Generation of reference intergenic sequences is a preliminary step for the generation of present/absent gene expression calls.
For species present in Bgee these sequences have already been generated and it is possible to reuse them to generate present/absent calls for your own RNA-Seq libraries using the BgeeCall R package.
For species absent from Bgee, anyone can generate their own reference intergenic sequences, and then use them to generate present/absent calls. If there is interest, we will establish a platform to share these reference intergenic sequences with the community, allowing other BgeeCall users to reuse reference intergenic sequences.

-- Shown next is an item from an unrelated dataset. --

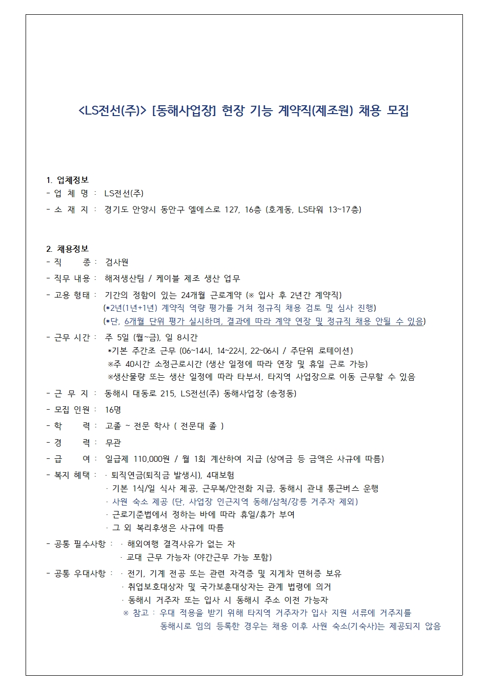 [동해시/구인] [동해사업장] 현장 기능 계약직(제조원) 채용 모집
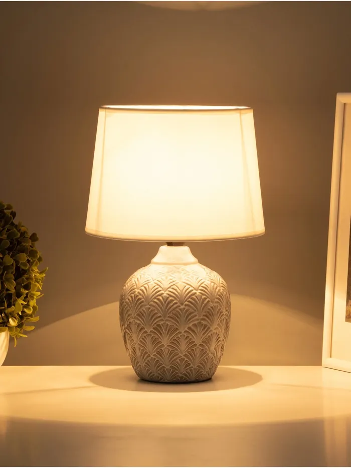 - Элегантный дизайн: Серое керамическое основание и светлый абажур гармонично сочетаются, добавляя нотки современности в ваш дом.

Before starting the generation of reference intergenic regions it is important to understand the following:
- One step of this approach sums gene expression level for different libraries. This summed expression is used to detect a subset of reference intergenic region from all intergenic regions automatically generated using both the annotations and the genome. The more libraries you have, the more precise your reference intergenic regions will be. Do not hesitate to use publicly available data in addition to your own, if possible.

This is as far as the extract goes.